It’s been a year of discoveries, advancements, celebrations and creations.
This year, our researchers were named best in the world; we welcomed millions of dollars in research funding from provincial, federal and industry partners; and our experts continue to lead important international collaborations in areas ranging from Indigenous studies to marine research.
“On each of our campuses, talented teams of multidisciplinary researchers are doing groundbreaking and seminal work that’s helping grow our global profile,” said Dr. Neil Bose, vice-president (research), who started in his role in November.
“Through our Strategic Research Intensity Plan, Memorial is building capacity in key areas while enhancing research activities across the disciplines. All of this work is strengthening Canada’s research-based economy. I applaud the tremendous work of the innovative minds here at Memorial and their contributions this year.”
The Gazette salutes five of the many research stories from the past year.
SmartICE, the world’s first climate change adaptation tool to integrate traditional knowledge of sea ice with advanced data acquisition and remote monitoring technology, was the only Canadian recipient of the United Nations (UN) Momentum for Change Climate Solutions Award.
The research is led by Dr. Trevor Bell, University Research Professor in the Department of Geography, Faculty of Humanities and Social Sciences, and a Memorial alumnus.
Dr. Kyle Sue, a clinical assistant professor in the Discipline of Family Medicine in the Faculty of Medicine, made international headlines with his research focused on “man flu.”
Dr. Sue has examined research that indicates the ailment may in fact exist.
His research was published in the Christmas 2017 edition of the British Medical Journal.
A team of Memorial researchers and a Genesis Centre client received combined federal-provincial support of more than $4.9 million in May.

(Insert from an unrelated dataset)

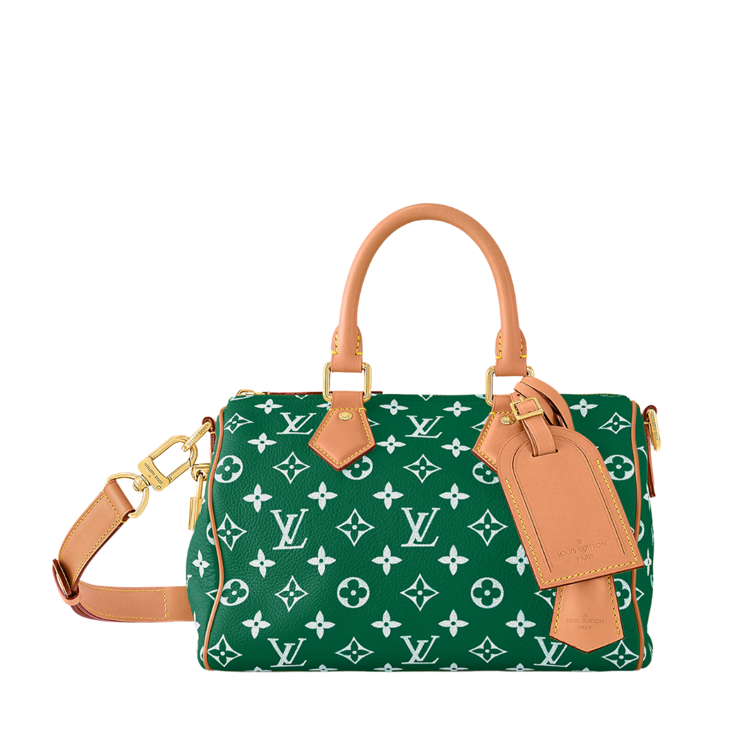 Borsa Louis Vuitton Speedy Bandoulière in tela Monogram verde 25 cm

The funding was for two separate projects: the development of new technologies to test water for contaminants; and creating holographic displays.
“Memorial plays a significant role in cultivating and mobilizing the talent needed to enhance innovation in Newfoundland and Labrador,” said President Kachanoski.
Dr. Kelly Hawboldt, a researcher with the Ocean Frontier Institute (OFI) — which turned one this year — and a professor in the Faculty of Engineering and Applied Science, doesn’t like waste.
Rather, she doesn’t like to see it wasted.
Dr. Hawboldt believes that by using science, we can extract value from the byproducts of fish residue, creating products that consumers will not only demand, but will pay a premium for.
This in turn would generate new jobs and boost the economy.
Millions for research infrastructure
In October, Memorial welcomed a combined investment of $11.5 million from the Canada Foundation for Innovation for two separate projects: more than $6.7 million for the creation of a Harsh Environment Research Facility (HERF), one of the most advanced icing wind tunnel and wave tank integrated laboratories in the world; and more than $4.8 million for the development of autonomous marine observation systems (DAMOS).